While scientists may not have conclusive evidence of the presence of liquid water on Mars today, they do have ample proof of ice, suggesting that water in a liquid form likely existed on the red planet at some point in its past.
The latest images beamed back by the ESA-operated Mars Express orbiter, showing an ice-filled Korolev Crater, only adds to that growing pile of data that indicates there are ice bodies aplenty on the planet.
The ESA-released images are stunning composites of five separate strips of photos snapped by the orbiter’s High-Resolution Stereo Camera (HRSC) over the course of five orbits around the planet.
The 52-mile-across impact crater, filled almost to the brim with solid white ice, can be seen in all its Martian glory in the awe-inspiring images below.
It is named after Sergei Korolev, the Moscow-born lead rocket- engineer and spacecraft designer during the space race between the U.S. and the U.S.S.R. in the fifties and sixties
Regarded by many as the “father of practical astronautics,” the Soviet-era rocket man played a significant part in the development of Sputnik 1 and the R-7 Rocket, as well as launching Laika and the first human being into space.
So important was Korolev to the Soviet scheme of things that only a selected few knew his real name.
To protect him from possible assassination attempts by the United States during the cold war, he was known simply as Glavny Konstruktor – Russian for Chief Designer.
It wasn’t until after his death in 1966 that his full identity was made public and he was awarded due recognition for his immense contributions to the Soviet cause.
Coming back to the point, the ice is more than 1.2-mile-thick in the middle of the crater and stays frozen all through the Martian year (nearly 23 Earth months) – thanks to a phenomenon called “cold trap.”
As the Martian air flows over the rim and across the icy surface of the crater, it cools down and sinks, forming a protective layer of permanently cold air that insulates the ice from warmer influences.

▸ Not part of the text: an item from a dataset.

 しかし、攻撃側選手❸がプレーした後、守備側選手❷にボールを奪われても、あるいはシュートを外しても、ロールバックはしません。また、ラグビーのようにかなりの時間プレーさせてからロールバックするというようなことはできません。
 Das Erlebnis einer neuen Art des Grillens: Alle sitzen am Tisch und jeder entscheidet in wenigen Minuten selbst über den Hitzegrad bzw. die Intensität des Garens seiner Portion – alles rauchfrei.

According to ESA estimates, there’s about 528 cubic miles, or 2,200 cubic kilometers, of water ice inside the crater, which is roughly the same volume as Canada’s Great Bear Lake.

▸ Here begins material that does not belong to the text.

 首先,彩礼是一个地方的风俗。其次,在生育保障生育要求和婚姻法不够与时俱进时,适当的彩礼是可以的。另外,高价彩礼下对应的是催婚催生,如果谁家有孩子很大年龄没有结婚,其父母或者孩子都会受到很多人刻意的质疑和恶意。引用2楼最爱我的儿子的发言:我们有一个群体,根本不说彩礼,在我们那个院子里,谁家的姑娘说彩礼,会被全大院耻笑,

Part of the ESA-managed Mars Express mission, the Mars Express spacecraft was launched atop a Russian-built Soyuz-FG/Fregat rocket way back in June 2003.
The two-part Mars Express, consisting of the Mars Express orbiter and the Beagle 2 lander, entered Mars’ orbit on Christmas Day the same year.
The lander’s mission to perform exobiology and geochemistry research failed due to post-landing glitches.
The orbiter, however, continued on and has since been at it, doing everything from imaging and mapping the planet, to radar sounding its subsurface and performing a host of other studies – not to mention sending back gorgeous images we saw above.
As recently as earlier this year, researchers at the Italian Space Agency also discovered evidence of liquid water under the red planet – thanks again to the Mars Express orbiter.
Published in the journal Science in July, the study suggested the possible existence of a lake of liquid water beneath the red planet’s south polar ice cap.
The evidence, however, cannot be called conclusive by any stretch of the imagination until further research clears all doubts about the discovery.
The data was collected by an instrument called MARSIS (Mars Express Advanced Radar for Subsurface and Ionosphere Sounding) onboard the orbiter.
Probing the Planum Australe – the southern polar plain on Mars – between May 2012 and December 2015, MARSIS was able to compile radar profiles that were found to contain evidence of a body of liquid water trapped less than a mile below the ice-capped surface.
While the MARSIS data didn’t help in determining the depth of the subsurface water layer, the researchers do estimate it to be at least one meter thick.
The MARSIS modus operandi was to send out low-frequency radar signals to the surface and immediate subsurface of the Planum Australe region of the planet, thereby enabling the research team to study the signals that were bounced back to Mars Express.
Speaking about his team’s findings, Italian National Institute for Astrophysics professor and lead author of the research paper, Roberto Orosei, had said:
“This really qualifies this as a body of water. A lake, not some kind of meltwater filling some space between rock and ice, as happens in certain glaciers on Earth.”
The researchers said there was a strong possibility of more such water bodies lying hidden beneath the Martian surface, based on a somewhat weird logic that they haven’t found any evidence that suggests otherwise.
“There is no reason to conclude that the presence of subsurface water on Mars is limited to a single location,” they wrote.
Orsei was also upbeat about the possible presence of more such subsurface water reservoirs on the plain.
”This is just one small study area,” Orosei said in a statement at the time.
“It is an exciting prospect to think there could be more of these underground pockets of water elsewhere, yet to be discovered,” he said.
For water to remain in liquid form in temperatures that researchers estimate is somewhere between -10 and -30 Celsius, the water is likely to be highly saline, which basically means it was, probably, never conducive to any kind of life form.
“It’s plausible that the water may be an extremely cold, concentrated brine, which would be pretty challenging for life,” Dr. Claire Cousins, an astrobiologist from the University of St Andrews, UK – was quoted by BBC as saying.